§ **What to work on**
Leave every picture out, then reproduce the rest of the listing exactly.

§ **Data provided**
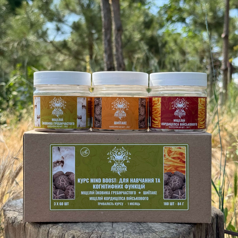 Mind Boost v2 — це комплексний курс натуральних грибів, створений для підтримки пам’яті, концентрації та ясності мислення. У сучасному ритмі життя мозок часто перевантажений інформацією, дедлайнами та постійними задачами. Через це знижується увага, з’являється розсіяність і втома, навіть після повноцінного відпочинку. Саме тому курс Mind Boost поєднує три добре відомі функціональні гриби — їжовик гребінчастий, шиїтаке та кордицепс мілітаріс. Кожен із них має власну дію, а разом вони формують збалансовану формулу для підтримки когнітивних функцій, стійкості до стресу та продуктивної розумової роботи.
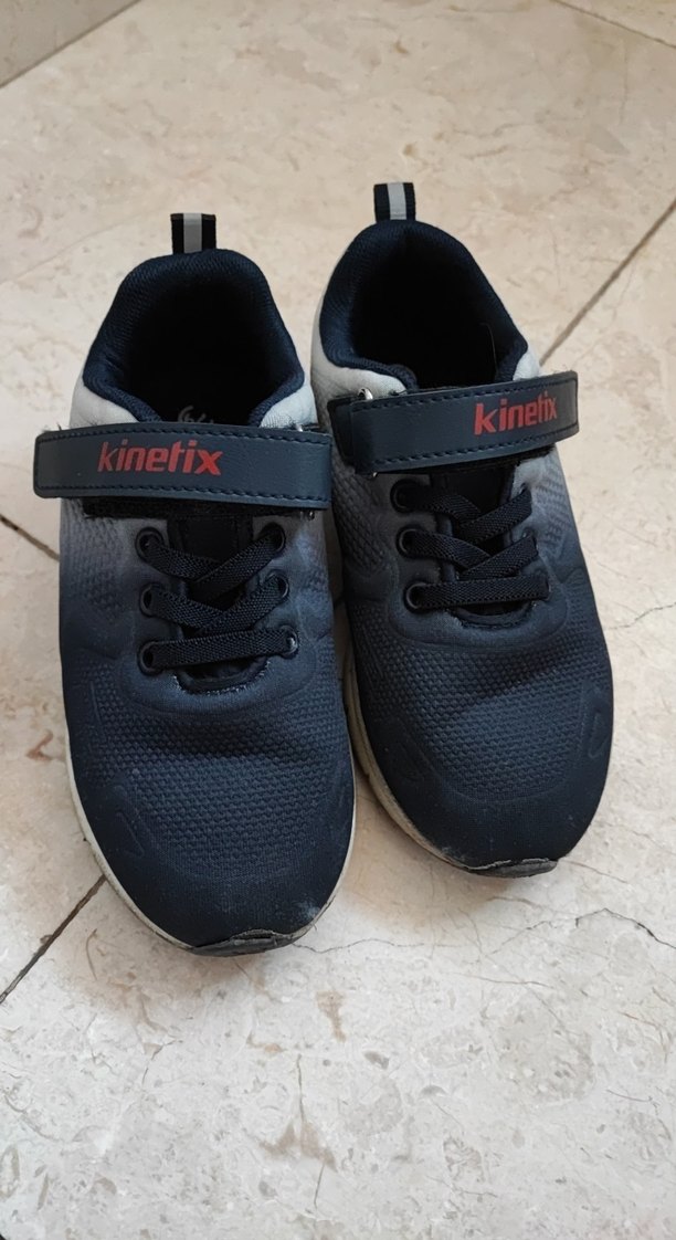 Kinetix marka, koyu lacivert baskılı erkek çocuk sneaker ayakkabı, cırt cırtlı ve kauçuk tabanlıdır, trend sokak stili için uygundur. Işıklı olup az kullanılmıştır.
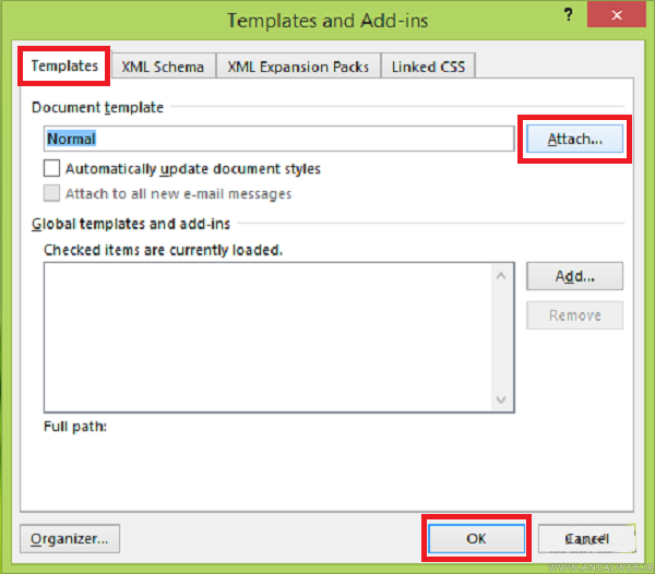 و اگر با مشکل تغییر فونت فقط کلمات انگلیسی در word مواجه هستید در پنجره باز شده از منو Add-Ins گزینه Templates را انتخاب کرده و Go را بزنید.
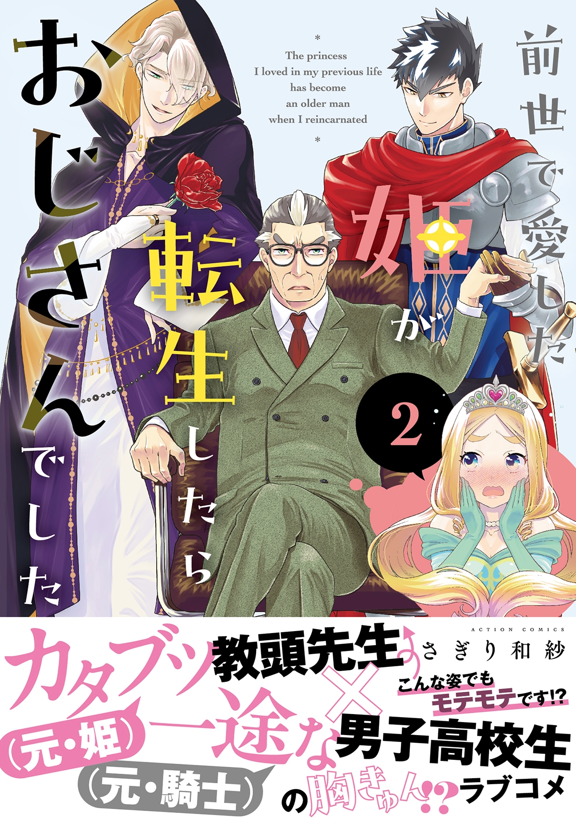 おじさん教頭先生に転生した姫を、騎士だった男子高校生は一途に愛する!クラウディア姫がおじさんに転生したのは、魔術師アンジェロがかけた呪いのせい!?アンジェロから「真実の愛」を証明出来れば呪いが解けると聞いたハルトは、「真実の愛=キス」と考えて、蔵人といかに自然にキスが出来るかを考える。ハルトの母親も登場して混沌とする人間関係の中、二人はキスをして元の二人に戻れるのか?「騎士×姫(おじさん)」。笑って泣ける、かつてない転生コメディ第2巻。

§ **Written answer**
 Mind Boost v2 — це комплексний курс натуральних грибів, створений для підтримки пам’яті, концентрації та ясності мислення. У сучасному ритмі життя мозок часто перевантажений інформацією, дедлайнами та постійними задачами. Через це знижується увага, з’являється розсіяність і втома, навіть після повноцінного відпочинку. Саме тому курс Mind Boost поєднує три добре відомі функціональні гриби — їжовик гребінчастий, шиїтаке та кордицепс мілітаріс. Кожен із них має власну дію, а разом вони формують збалансовану формулу для підтримки когнітивних функцій, стійкості до стресу та продуктивної розумової роботи.
 Kinetix marka, koyu lacivert baskılı erkek çocuk sneaker ayakkabı, cırt cırtlı ve kauçuk tabanlıdır, trend sokak stili için uygundur. Işıklı olup az kullanılmıştır.
 و اگر با مشکل تغییر فونت فقط کلمات انگلیسی در word مواجه هستید در پنجره باز شده از منو Add-Ins گزینه Templates را انتخاب کرده و Go را بزنید.
 おじさん教頭先生に転生した姫を、騎士だった男子高校生は一途に愛する!クラウディア姫がおじさんに転生したのは、魔術師アンジェロがかけた呪いのせい!?アンジェロから「真実の愛」を証明出来れば呪いが解けると聞いたハルトは、「真実の愛=キス」と考えて、蔵人といかに自然にキスが出来るかを考える。ハルトの母親も登場して混沌とする人間関係の中、二人はキスをして元の二人に戻れるのか?「騎士×姫(おじさん)」。笑って泣ける、かつてない転生コメディ第2巻。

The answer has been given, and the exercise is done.